Often, such voters don’t start really focusing on the campaign until the very end.
Other research indicates that attempts to correct misinformation are unlikely to change minds. In an experiment by two academics, volunteers were given a mock news article with potentially misleading information – half with a correction, half without. The researchers discovered that the group that received the correction may end up believing the misleading information more strongly after hearing the correction.

“The argument we make in the paper is that people are counterarguing in their heads,” says Brendan Nyhan, a political scientist at Duke University and one of the researchers. “They’re coming up with reasons to disagree with the factual claim, and actually convincing themselves more than they would have believed otherwise.”

Still, fact-checking is a media growth industry. The St. Petersburg Times has found a ready audience in other papers, through the use of a Web tool called Widgets, for its research. As politicians have become more aggressive about communications and spin, “the press has moved from being a color commentator in the booth to at least at times being a referee on the field,” says Rosenstiel from Project for Excellence in Journalism.

Rosenstiel and other press observers attribute the rise and speed of fact-checking in this election at least in part to the “swift boat” phenomenon in the 2004 election, in which Democratic nominee John Kerry’s Vietnam War record was eviscerated by his opponents. Still, the candidates this year have seemed lax about correcting false information. Brooks Jackson, director of Factcheck

.org, notes that the McCain campaign repeatedly asserts that Obama is going to raise taxes broadly, while the truth is that Obama’s plan would raise taxes only on those earning more than $250,000 a year while cutting taxes for 80 percent of workers and their families. Obama has not moved assertively to correct this misimpression, and polls show that majorities of middle-income voters believe that Obama would raise their taxes.
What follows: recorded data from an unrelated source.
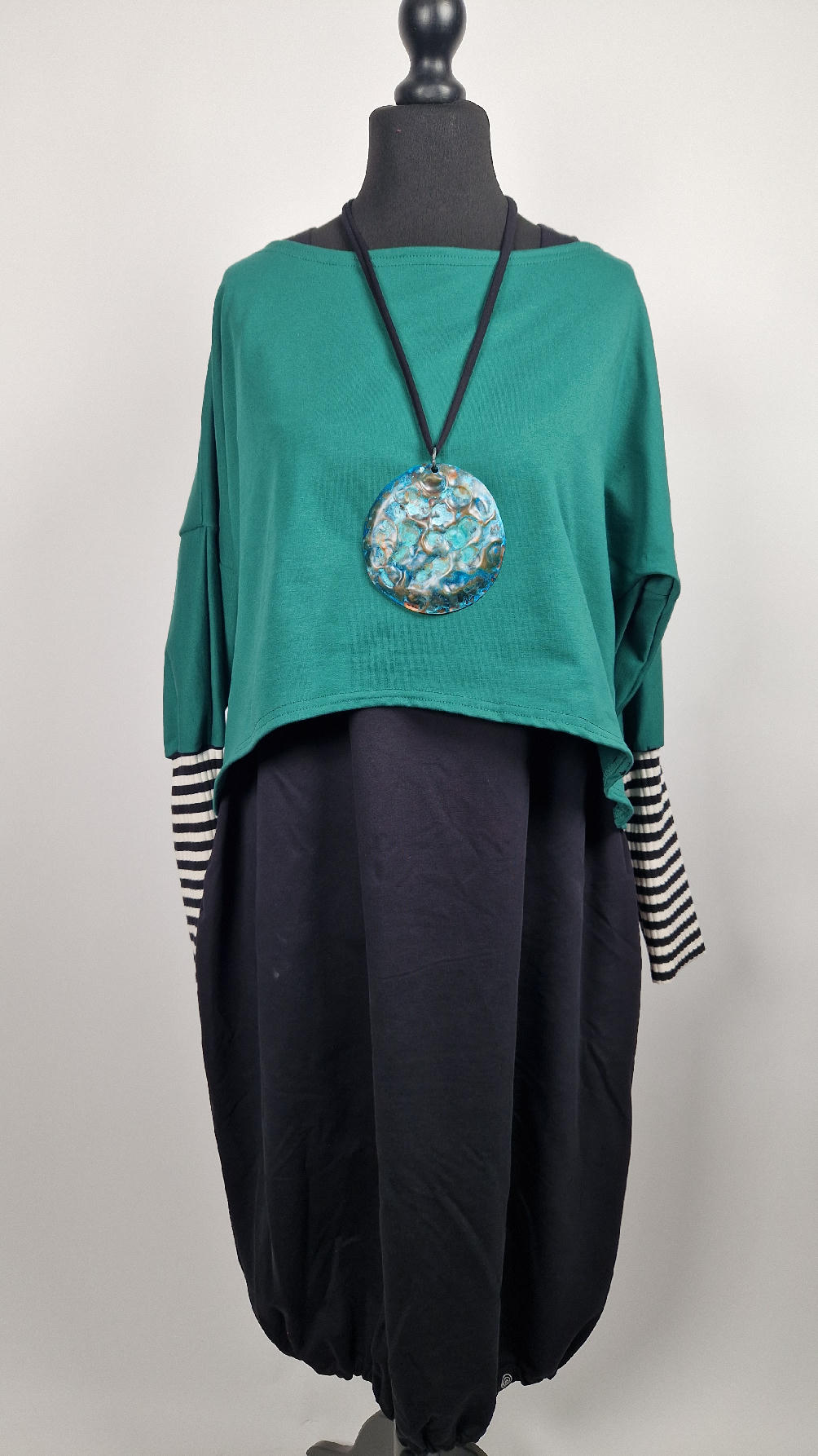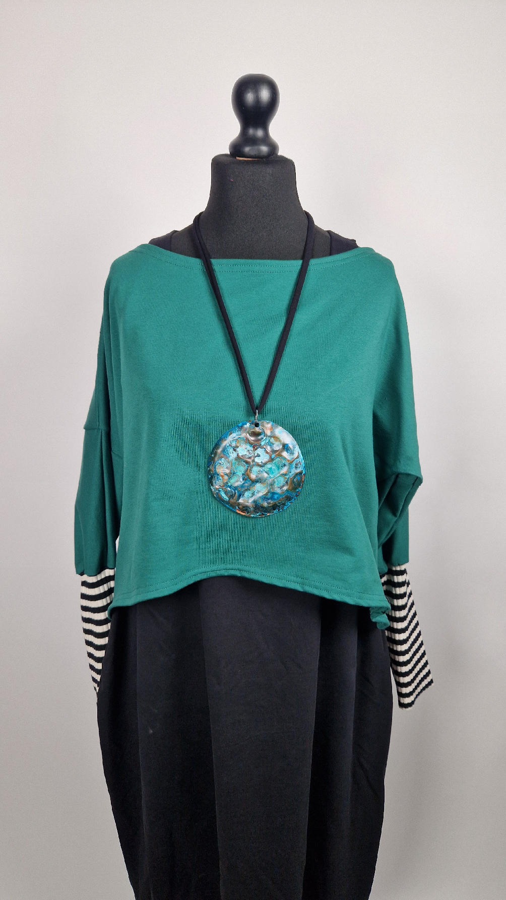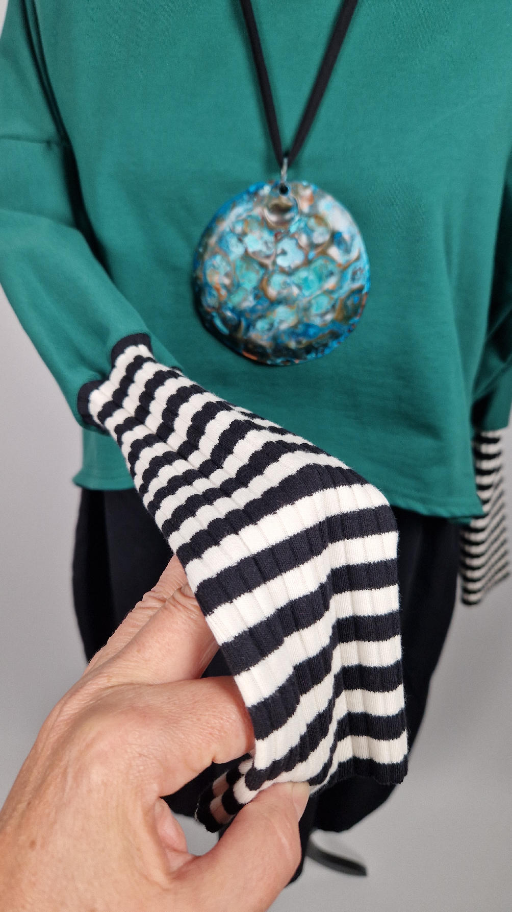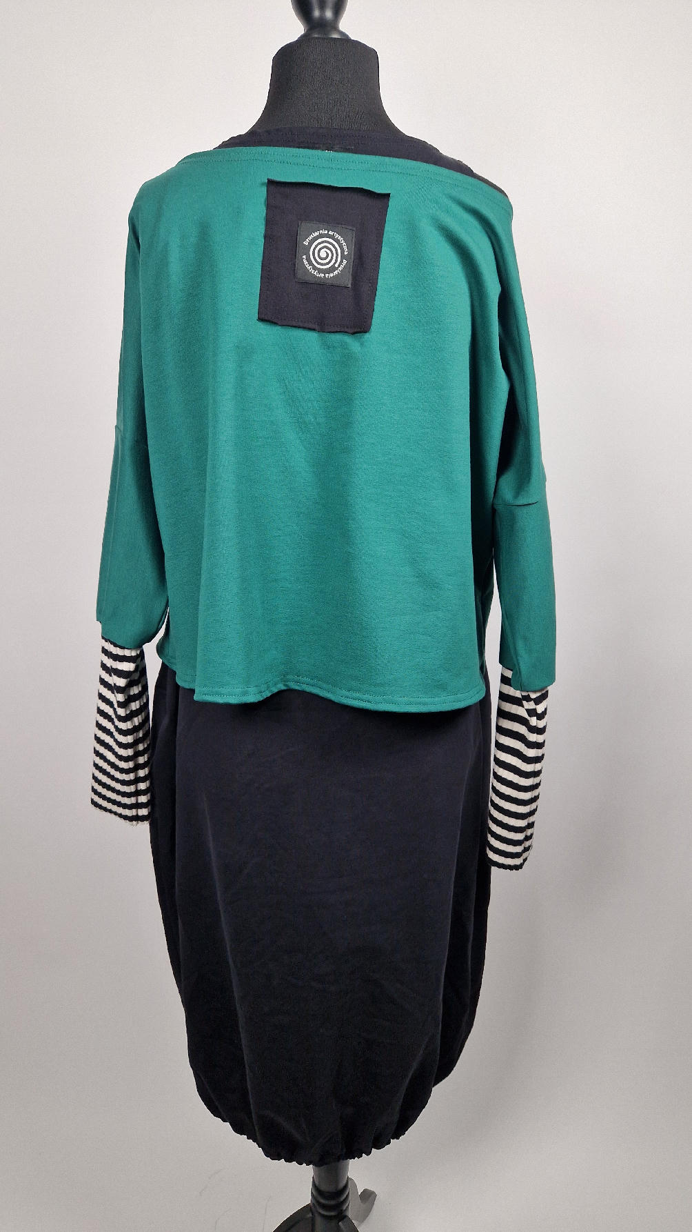 Krótka, megazielona, taka ,,luzacka”, luźna w biuście bluzka typu NIETOPERZ, ale taki niewielki….bluzka uszyta z zielonej wysokiej jakości bawełny z pętelką, z długalaśnymi , elastycznymi mankietami w paski… prosta, bez kieszeni – tak specjalnie, żeby nic nie odstawało ale z dużym dekoltem typu ,,łódka”, który możesz opuścić na jedno ramię, lub nosić symetrycznie…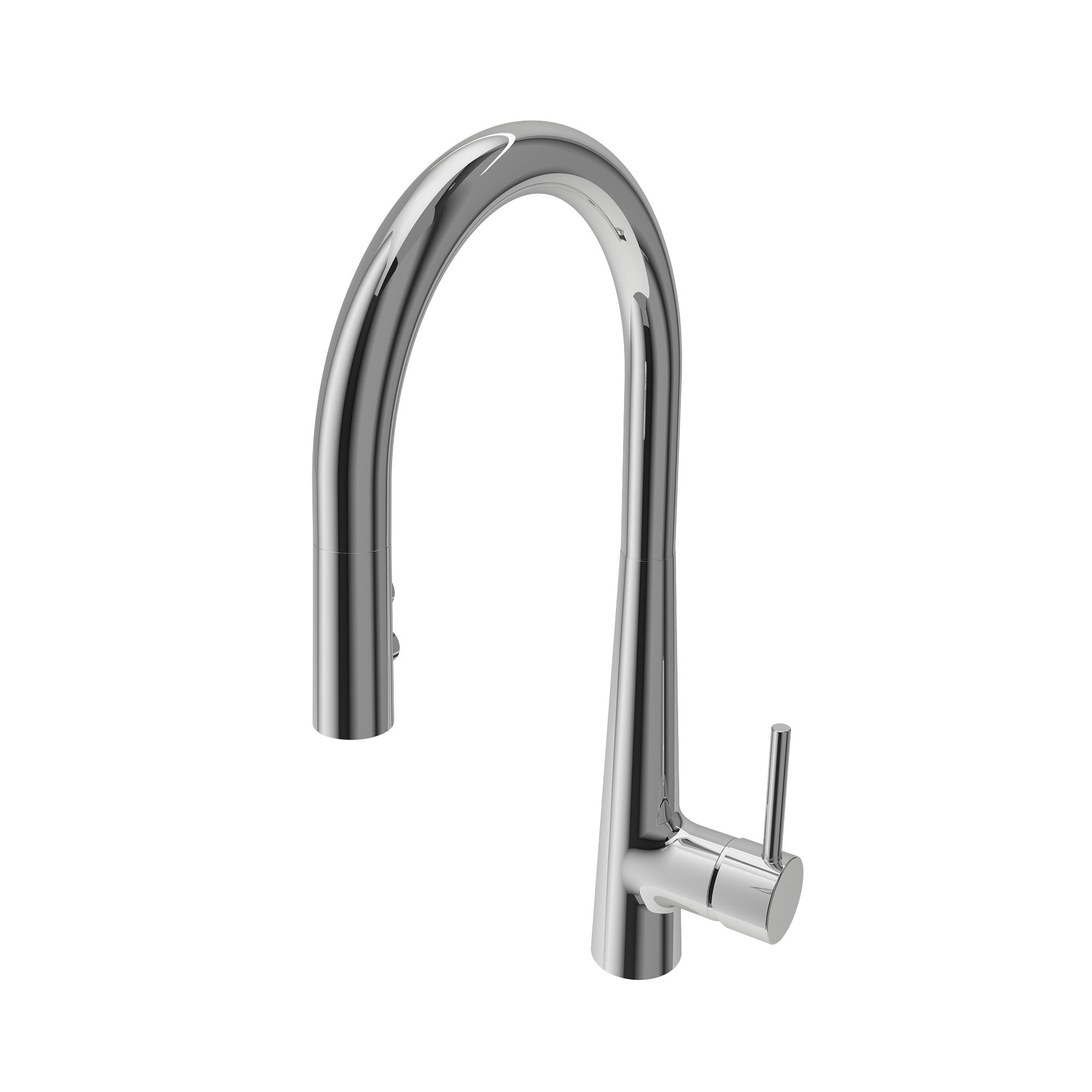 Pull-down kitchen faucet with ceramic cartridges and brass body. Features standard or needle spray with weighted shower hose.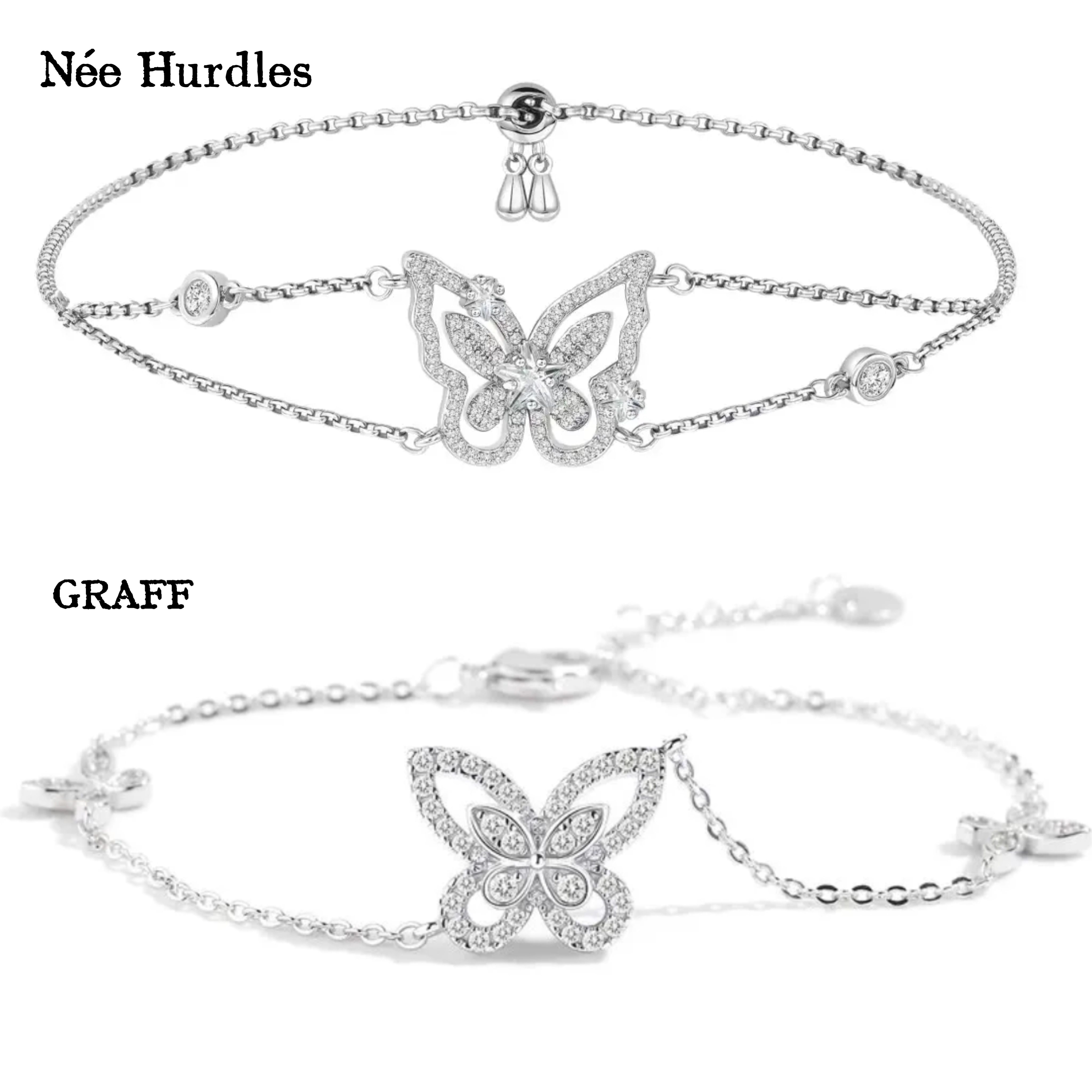 4、经此对比,Née Hurdles 凤翎系列的款式设计,与GRAFF 蝴蝶幻影系列的款式设计,还是具有较明显的造型区别的。尤其是”凤翎手链”的款式设计,则与“蝴蝶手链的款式设计”迥然不同。( 扪心而论,从吴燕妮佩戴之凤翎项链和耳钉来看,Née Hurdles 的蝴蝶造型,相比更具振翅飞翔的灵动之美。)

In the face of a false accusation, many politicians – including some of the most successful, such as former President Bill Clinton – will simply change the subject, and attack the opposition on something else. In 1993, when Mr. Clinton was accused of signing the “largest tax increase in history,” he didn’t counter with, “well, in fact, it was the 12th or 13th largest increase in history.” Instead, he accused the Republicans of wanting to cut Medicare, Mr. Jackson says.